= Shamsa Pur =

Village in Nangarhar Province, Afghanistan

Shamsa Pur is a village in Surkh-Rod District, Nangarhar Province, Afghanistan, located about 5 km downstream from Zargaran. On the south it is bordered by the Qara Khushkak wash and the Surkh Rod River to the north.

The community owns land adjacent to the PRT bridge across the wash. Prior to the bridge's construction, the communities on the left bank had to wade across the Surkh Rod to the north and were often cut off during the flooding period of the wash and the Surkh Rod River.

==Water==
Irrigation in the village is from the Surkh Rod and is delivered on-farm through the Shamsha Pur secondary canal which has its bifurcation at Qara Bagh. The community's shallow well, dug by an NGO, is almost dry and the pumping mechanism in disrepair; instead the community uses water from the Surkh Rod. The kuchi women use the water from the wash for their laundry. Ritual ablutions are performed by the men in the canal. There is no karez.

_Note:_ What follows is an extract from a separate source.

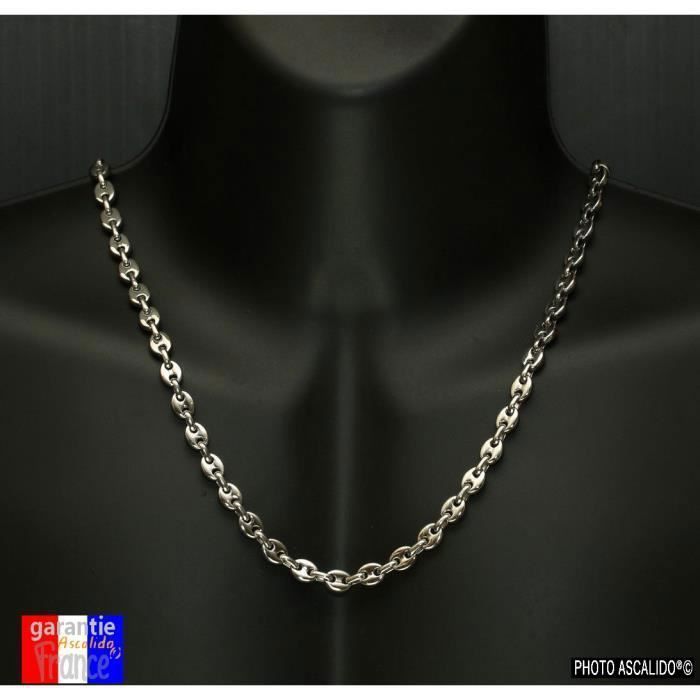 AFSTALR Grain de Cafe Homme Argent Chaine Collier Acier Inoxydable Anniversaire Cadeau Argent 51-9mm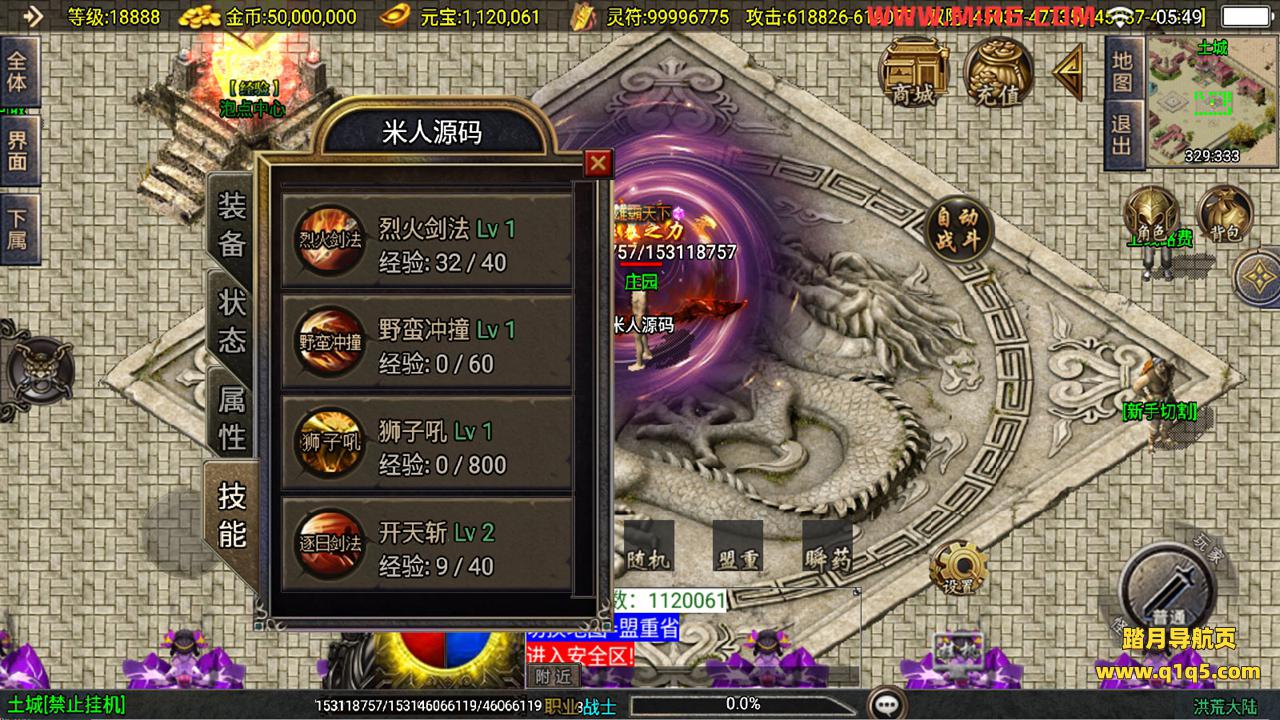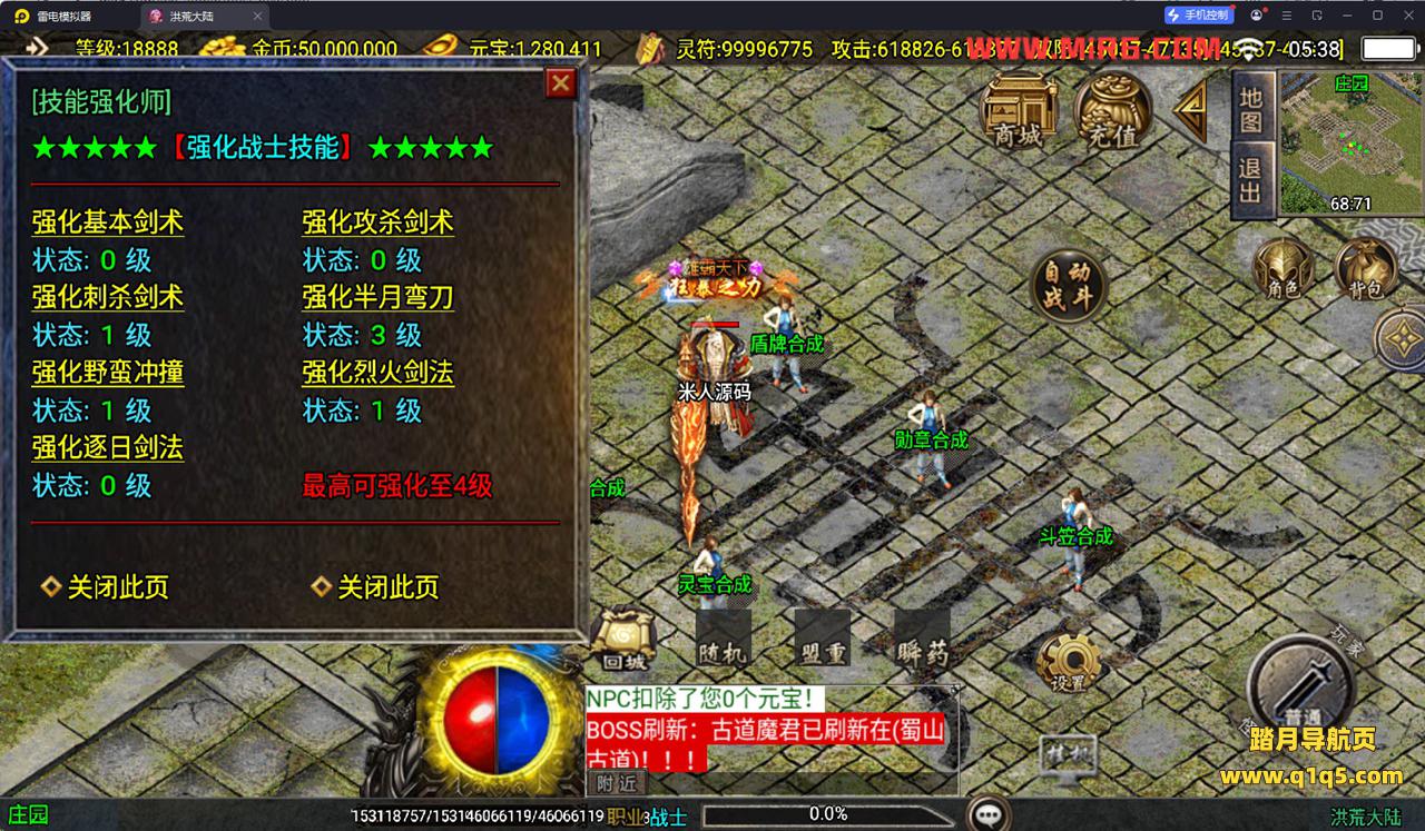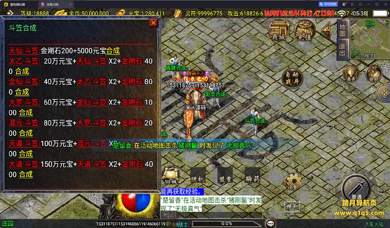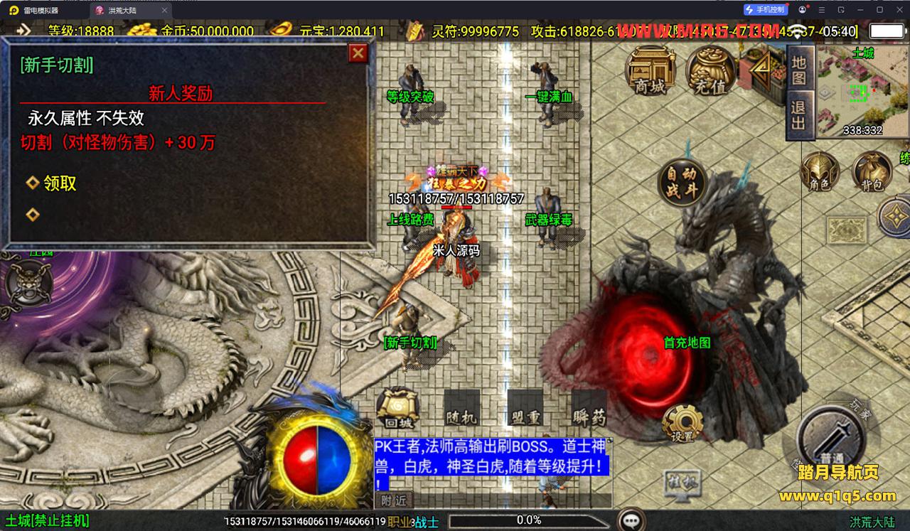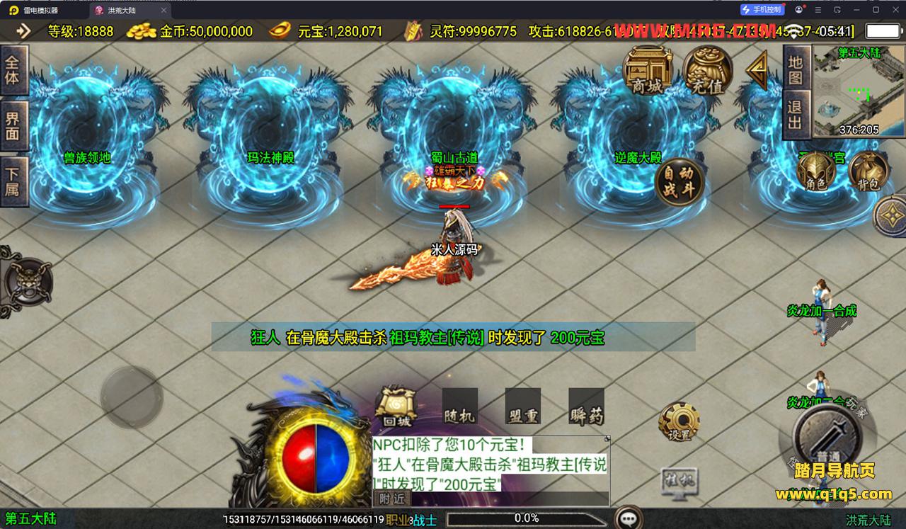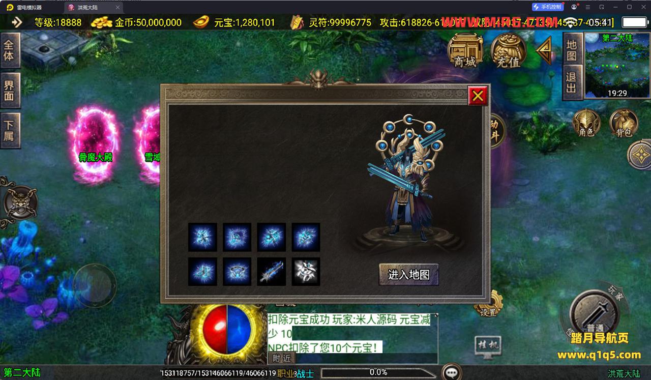 下面我们测试下游戏里的功能看看。好了,其他功能就自行测试吧。更多的游戏资源可以访问www.q1q5.com下载,我们每款游戏资源均单独制作了独立的视频架设教程。让小白也可以快速上手游戏架设,快来体验自己做GM的乐趣吧!

===Canal system and maintenance===
The tertiary canal which serves this community is 6–7 km long. Cleaning is carried out by the land owners’ sharecroppers on an as-needs basis, as the canal does not suffer from heavy silting. Those who do not own land or work on the irrigated land do not participate in any of the cleaning activities. Cleaning is usually done from the head of the canal to the tail, but the system is flexible. The labourers work as a gang and divide the cleaning allocation between them. Work is allocated proportionally to the amount of land and water rights of each landlord or sharecropper at the rate of one person per day for those with less than 20 jerib (4 ha) of land, and two people per day for those with over 20 jerib. Only one or two individuals own more than 50 jerib. A landlord with 30 jerib of land, or his sharecroppers, is Social Water Management 17 expected to clean more meterage of the canal than a land owner with 10 jerib, since under the traditional hashar system the former landlord is required to provide more labourers than those with less land. Under normal circumstances it will take the community 6–7 days to clean the canal from head to tail. In the last two years’ cleaning cycle, the hashar system has been modified because of external interventions implemented by an international organisation (a Food-for-Work programme in the first year and a Cash-for-Work programme in the second). In the former, labourers (not just sharecroppers or land owners) were paid at the rate of 7 kg of wheat per working day, in the latter, payment was at the rate of US$2.50 per day.